Sadducees, Karaites and oral tradition

Dear Rabbi Fried
I have been doing some research into the opinions of the Sadducees and the Karaites, neither of whom accepted the oral tradition of the Torah and believed only in the written word. I have series of questions regarding the veracity of the Oral Law due to the beliefs of other sects of Judaism.

  • 1. Why did the Sadducees not believe in the Oral Law? If they also had ancestors going back to Sinai, shouldn’t they hold the same beliefs about the Oral Law the Pharisees held?
  • 2. The Mishnah quotes many conflicting opinions.
  • 3. The Mishnah does not go on to say in which opinion the truth lies. Rather, the Mishnah sometimes agrees with neither one nor the other, contradicting both.
  • 4. They argue that the truth of the oral law given to Moses could only be in one opinion, not many opinions.
  • 5. They question why the Mishnah does not solely speak in the name of Moses.
  • 6. The Oral Law is not explicitly mentioned in the Tanakh.
  • 7. When God told Moses to come up to Mount Sinai to receive the Torah He said, “Come up to me into the mountain, and be there: and I will give you tablets of stone, and a law, and commandments that I have written” (Exodus 24:12). The text states the commandments are written, and no mention is made of an Oral Law.
  • 8. The Tanakh reports that the written Torah was both lost and completely forgotten for over 50 years and only rediscovered by the Temple priests (2 Kings 22:8; 2 Chronicles 34:15). It is inconceivable that an Oral Law could have been remembered when even the Written Law was
  • forgotten.
  • 9. The words of the Mishnah and Talmud are clearly the words of people living in the 2nd–5th centuries CE, in contrast to the Torah, which is held to be a direct revelation by God through Moses.

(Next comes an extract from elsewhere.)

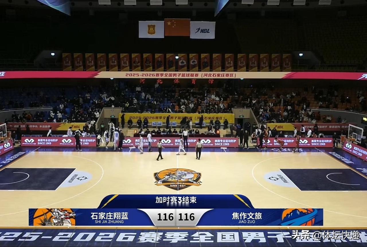 焦作文旅四加时客负石家庄翔蓝。NBL常规赛第14轮,焦作文旅客场挑战石家庄翔蓝。两队本赛季首次交手,焦作文旅主场获胜。威姆斯来到焦作后身披13号战袍出战。首节开始,石家庄翔蓝对霍尔德防守严密,其他球员投篮连续打铁,石家庄翔蓝一波7:0直接打停焦作文旅。暂停回来,威姆斯替下霍尔德,焦作文旅连续追分,将分差缩小到3分。石家庄翔蓝叫暂停。暂停回来,双方比分胶着,交替领先。首节结束,焦作文旅21:20石家庄翔蓝。次节双方比分依旧难分难解,石家庄翔蓝一度将分差扩大到5分,焦作文旅一记高炮台再次缩小分差。比赛末段,威姆斯连下4分,焦作文旅再次将比分反超。半场结束,焦作文旅45:44石家庄翔蓝。第三节开局焦作文旅内处开花拉大分差,随后突然失误增加,被石家庄翔蓝内外联动追上比分,李维纲指导叫暂停。暂停回来,焦作文旅一波攻击流再次建立领先,石家庄翔蓝叫暂停。暂停回来,双方互有攻守。三节战罢,焦作文旅68:61石家庄翔蓝。第四节开局焦作文旅一度扩大分差,但突然失误增加,被石家庄翔蓝逐渐追上比分。随后双方多次战平。比赛末段,石家庄翔蓝外线回暖,两记高炮台将分差扩大到6分。随后焦作文旅连下6分再次追平比分,时间只剩38秒。随后双方再无建树,双方进入加时赛。加时赛双方经过艰苦拼搏,再次战成95平。再加时加时赛石家庄翔蓝一直占优,焦作文旅压哨三分命中再次追平比分,109平,进入第三个加时赛。第三个加时赛双方再次战成116平,进入第四个加时赛,经过四个加时赛,石家庄翔蓝132:127逆转焦作文旅,收获胜利。 综述:一场普通的比赛,让球迷吐槽不已。一是裁判的执法能力确实不足,真的需要好好提高。二是加时赛设置太不合理。毕竟这是商业类的比赛,应该多考虑商业价值,四个加时20分,感觉无法理解。

  • 10. The Torah states, “You shall not add to the word that I am commanding you, nor take away from it, that you may keep the commandments of YHWH, your God, which I command you” (Deuteronomy 4:2). They argue that this excludes the possibility of later interpretation, when that interpretation is viewed as divinely ordained.

I would appreciate your thoughts on this,
Ron B.
Dear Ron,
These questions and the additional ones I didn’t yet print in your question will take a couple/few columns to address, so we’ll start with some this time.

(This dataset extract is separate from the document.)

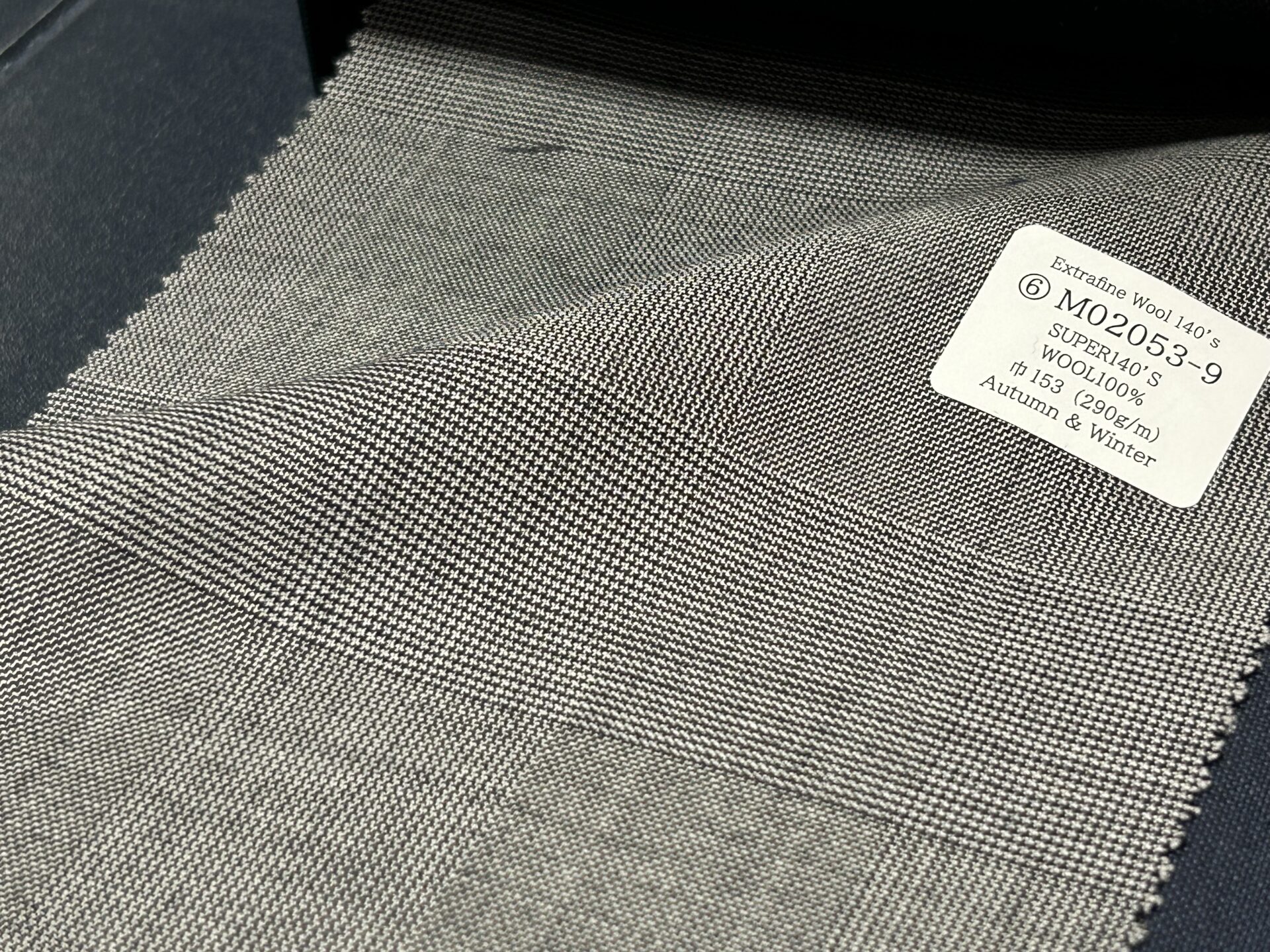 打って変わって290g/mのクラシカルなグレンチェック。その柄から主に秋冬物としてよりヘビーな生地感で作られる生地はよく見ますが、この原料の細さとクリアなタッチのクラシカルなグレンチェックは却って新鮮に映るかもかもしれません。

Although the Sadducees had the same tradition, they, sadly, chose to reject that glorious tradition. The commentaries to Mishnah Pirkei Avos explain that the father of the Sadducees, a rabbi named Tzadok, and his colleague Baytus, erred in the interpretation of a teaching of their Rabbi, Antigonos of Socho, who taught the famous Mishnah: “Be not like servants who serve their master for the sake of receiving a reward (p’ras); instead be like servants who serve their master not for the sake of receiving a reward…” (Avos 1:3). This Mishnah, which teaches an important message of altruism, was misinterpreted by Tzadok and Baytus to mean that, according to their teacher and the Oral Law, there is no reward for performing mitzvos. This caused them to reject the Oral Law and its teachers and only accept the written Torah.
Reward and punishment
Without going into the deeper meaning of that Mishnah (and the difference between the word p’ras and reward), their teacher was not intending to reject in any way the concept of reward and punishment, which is one of Maimonides’ 13 core Jewish beliefs. Since, however, he taught the Mishnah in a way which was not clear enough to not allow such a misinterpretation, a later Mishnah exhorts the Rabbis to be careful in their teachings: “Scholars, be cautious with your words, for you may incur the penalty of exile and be banished to a place of evil waters (heresy), the disciples who follow you there may drink and die, and consequently the Name of Heaven will be desecrated” (Avos 1:11). This is referring to the mistake made by Tzadok and Baytus.
As to the other questions, which were thought up subsequently by them to justify their position, we will try to address in a later column.
Rabbi Yerachmiel Fried, noted scholar and author of numerous works on Jewish law, philosophy and Talmud, is founder and dean of DATA, the Dallas Kollel.